クラス100のクリーンルームを実際に清潔な状態に保つために
クラス100の環境で作業を行うとき、「効率」は二の次になります。重要なのは、粒子の制御だけです。
問題は、一般的なIRランプはかなり汚れやすいということです。ランプのシール部やエンドキャップから微細な破片が放出されます。それは見えないものですが、確実に存在します。これに対処するために、高純度の石英管と特殊なセラミック製のエンドキャップを組み合わせて使用しています。
材料が重要な理由
ほとんどのIR発光体は、管の端に接着剤や安価なプラスチックが使われています。高温のクリーンルームや真空環境では、これらの材料は簡単に劣化してしまいます。その結果、ウェーハに汚染が生じてしまいます。
私たちは高純度の合成石英を使用しています。この素材は熱サイクルにも耐えられ、化学的な腐食にも強いです。

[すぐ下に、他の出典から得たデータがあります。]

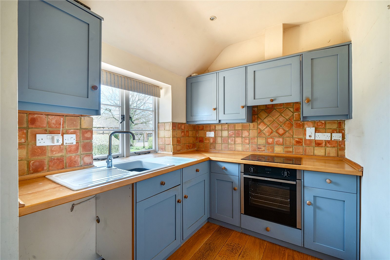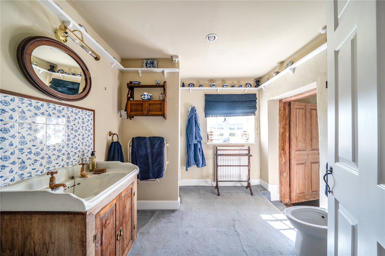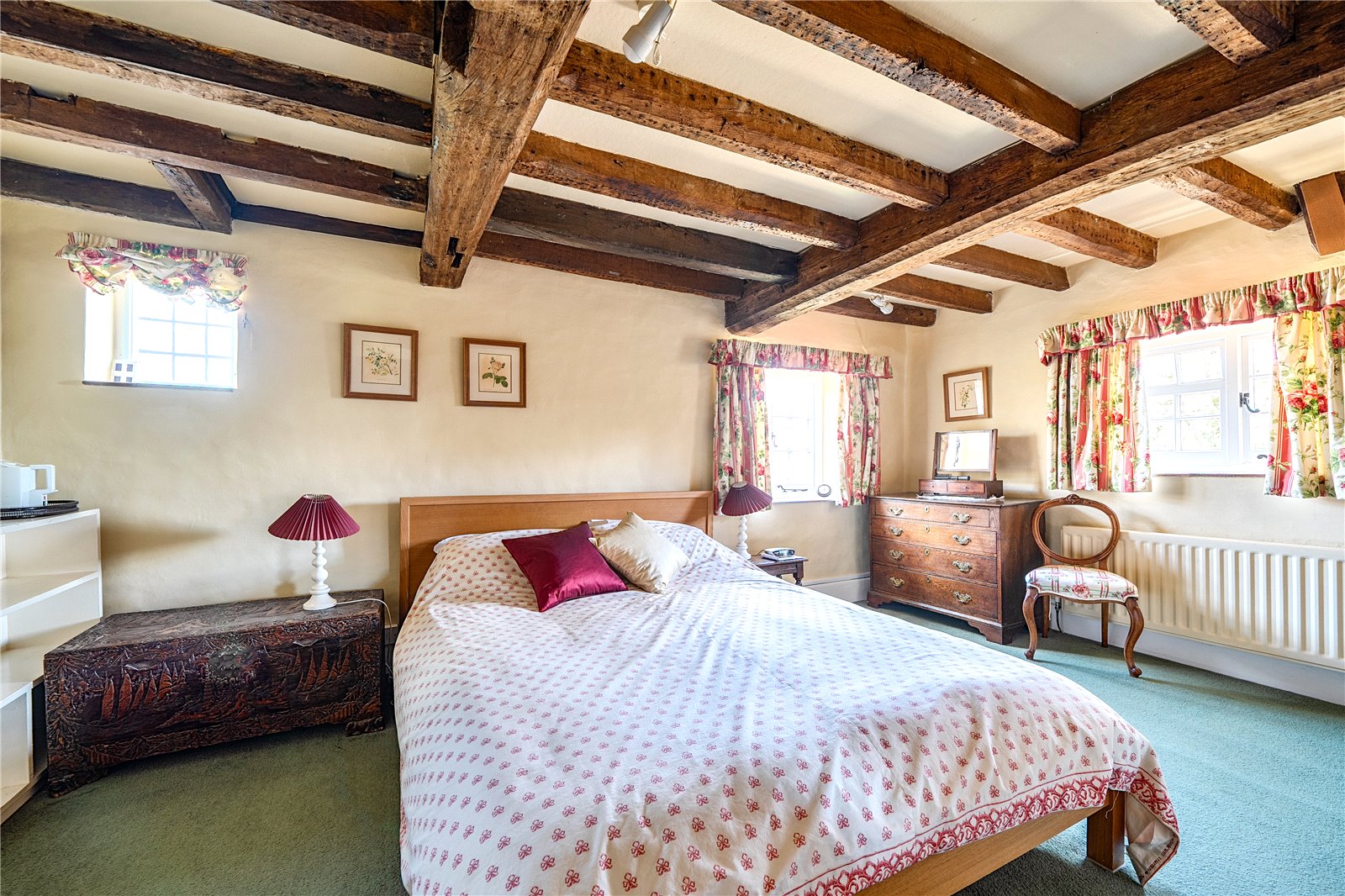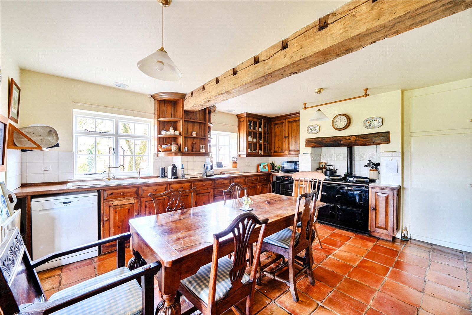 Sitting Room Front aspect with views towards neighbouring farmland. Door to front garden. Magnificent ceiling beams and exposed floorboards. Stone fire surround housing a wood burning stove.

しかし、本当の秘訣はセラミック製のエンドキャップにあります。金属系のバインダーを一切使わず、高アルミナ含有量のセラミックを使用しています。これにより、安価なランプで見られるような汚れが発生しなくなり、加熱時に有機物が漏れ出ることもありません。
注意すべき点
これらの発光体は非常に高密度の熱を発生させます。そのため、取り付けブラケットの精度が非常に重要です。管が数ミリでもずれると、ワークピースに熱箇所ができてしまいます。厳格な公差が求められますが、必要なことです。
また、電源に関しても注意が必要です。高純度の石英は独自の膨張特性を持っています。急に電力を供給すると、セラミックと石英の接合部分に負荷がかかります。ゆっくりと電力を供給することが大切です。そうすれば、シール部も壊れにくくなります。
実際に使うための手順
これらの発光体は、既存のコントローラーに直接接続するだけで使えます。汚染を引き起こす不要な部分を排除したおかげで、表面検査時の粒子の量が大幅に減少します。つまり、洗浄に費やす時間が減り、実際に製造に費やす時間が増えます。ただし、セラミック端子から発生する放射熱に対応できる十分な冷却ファンがあることが前提です。